Data entries:
* * * * *

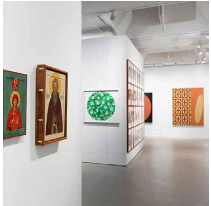
Image: Logos / Λογότυπα , installation view.

Curated by Kon Gouriotis OAM, the exhibition is presented in collaboration with Hazelhurst Art Centre's neighbour, Fr. Constantine Varipatis of Saint Stylianos Greek Orthodox Parish.
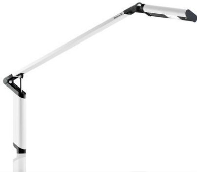
MINELA - ETL 1 F

power supply lamping operating device cord length luminaire body housing material arm material
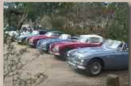
Austin-Healeys at the mid-week run to the Megalong Valley Teahouse.
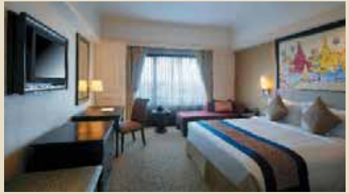
SULE SHANGRI-LA YANGON

Our travel experts have selected these luxury properties, each in a prime location, for your comfort. Details in the design and décor celebrate the local culture and enhance the ambience of each hotel. Their restaurants feature menus of elegantly prepared local and international cuisine. Of utmost importance is the superior quality of the services, amenities and accommodations, allowing you to maximize the enjoyment of your stay.
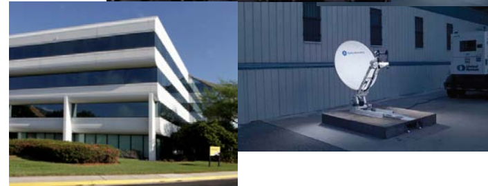
Physical Office Solution
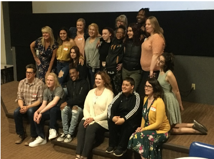
Horizon High School students and staff at the May 14, 2019 HHS fundraiser at Rocky Rococo

The students also have many opportunities to spend time in the community and give back. Mondays the students have been volunteering at The Jefferson. Spending time with our older generation. On Tuesday's our students have gone to farms, volunteered for the Berbee Derby, MATC tour, gone hiking, Union South and Memorial Union. Wednesdays the students participate in Art therapy. Thursdays the students go to The Princeton Club and work out. Fridays has turned into classic movie afternoon with students being exposed to movies from the AFI's top 100 list.
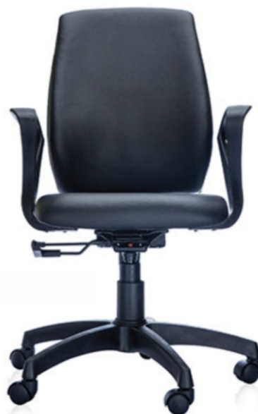
■ W.S 14
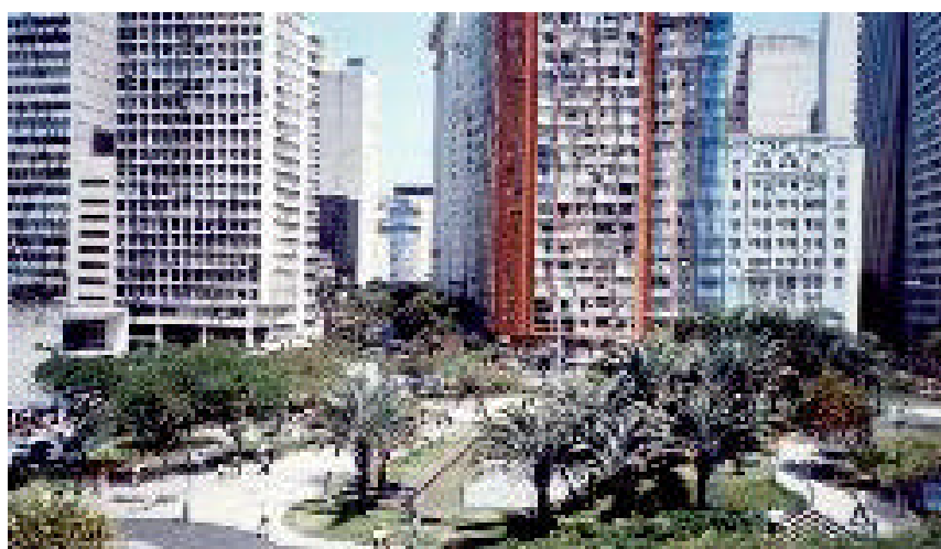
Fig. 3: Largo da Carioca (gardens of Burle Marx), 2003. Ethel Pinheiro.

Since then, Largo da Carioca has remained a place for gatherings and social life, but until recently its physical space was enclosed by the mountains and hills that defined the geography of this area. This restricted any potential expansion of the area and it was only when Mayor Dulcídio Cardoso pulled down Saint Antonio Hill in 1961 and Burle Marx's subsequent intervention in 1980s that we see the open space of Largo da Carioca as it exists today.
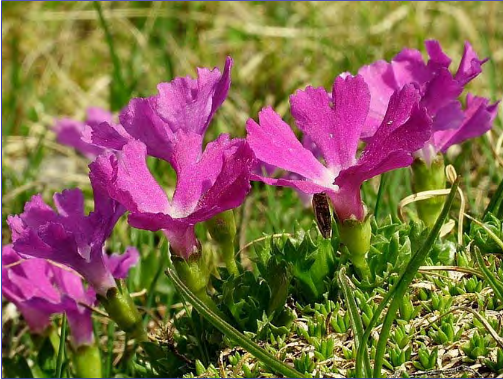
Left: Primula minima

One of the most unusual places was Passo di Selle (>2500m), which is easily accessible from Passo San Pellegrino. It arose between two different types of rock - volcanic and limestone, so you can see within in a very short distance both calcifuge and calcicole species.
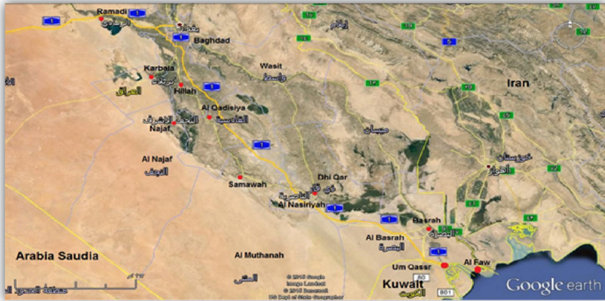
Fig.3 Expressway No.1 (Southern Section) Area Study
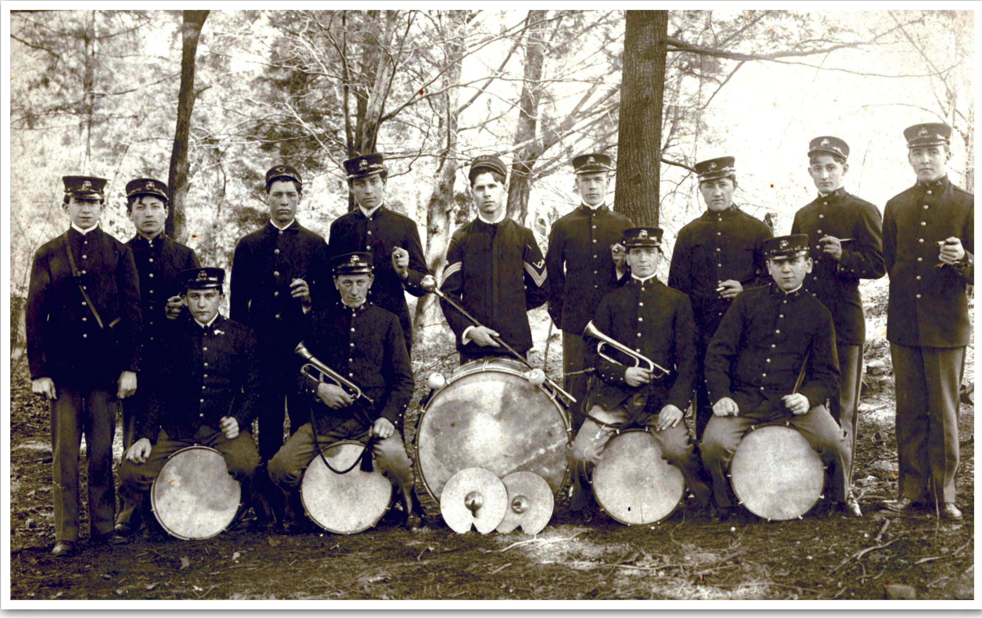
US Marine band, circa 1880. PCHS Collection, 1983.15
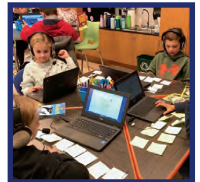
ES Technology Upgrades
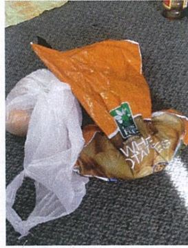
7. plastic bag
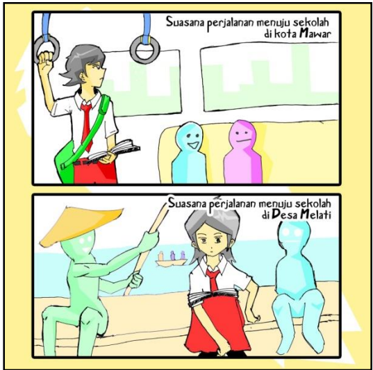
Figure 1. Strip Comic Layout

Based on result from student response related to student responses and reactions are described in Table 1. The responses are measured by a

* * * * *

*PROBLEM TO SOLVE*: Would you copy out all the data exactly, without the images?

*OUTPUT*:
Image: Logos / Λογότυπα , installation view.

Curated by Kon Gouriotis OAM, the exhibition is presented in collaboration with Hazelhurst Art Centre's neighbour, Fr. Constantine Varipatis of Saint Stylianos Greek Orthodox Parish.
MINELA - ETL 1 F

power supply lamping operating device cord length luminaire body housing material arm material
Austin-Healeys at the mid-week run to the Megalong Valley Teahouse.
SULE SHANGRI-LA YANGON

Our travel experts have selected these luxury properties, each in a prime location, for your comfort. Details in the design and décor celebrate the local culture and enhance the ambience of each hotel. Their restaurants feature menus of elegantly prepared local and international cuisine. Of utmost importance is the superior quality of the services, amenities and accommodations, allowing you to maximize the enjoyment of your stay.
Physical Office Solution
Horizon High School students and staff at the May 14, 2019 HHS fundraiser at Rocky Rococo

The students also have many opportunities to spend time in the community and give back. Mondays the students have been volunteering at The Jefferson. Spending time with our older generation. On Tuesday's our students have gone to farms, volunteered for the Berbee Derby, MATC tour, gone hiking, Union South and Memorial Union. Wednesdays the students participate in Art therapy. Thursdays the students go to The Princeton Club and work out. Fridays has turned into classic movie afternoon with students being exposed to movies from the AFI's top 100 list.
■ W.S 14
Fig. 3: Largo da Carioca (gardens of Burle Marx), 2003. Ethel Pinheiro.

Since then, Largo da Carioca has remained a place for gatherings and social life, but until recently its physical space was enclosed by the mountains and hills that defined the geography of this area. This restricted any potential expansion of the area and it was only when Mayor Dulcídio Cardoso pulled down Saint Antonio Hill in 1961 and Burle Marx's subsequent intervention in 1980s that we see the open space of Largo da Carioca as it exists today.
Left: Primula minima

One of the most unusual places was Passo di Selle (>2500m), which is easily accessible from Passo San Pellegrino. It arose between two different types of rock - volcanic and limestone, so you can see within in a very short distance both calcifuge and calcicole species.
Fig.3 Expressway No.1 (Southern Section) Area Study
US Marine band, circa 1880. PCHS Collection, 1983.15
ES Technology Upgrades
7. plastic bag
Figure 1. Strip Comic Layout

Based on result from student response related to student responses and reactions are described in Table 1. The responses are measured by a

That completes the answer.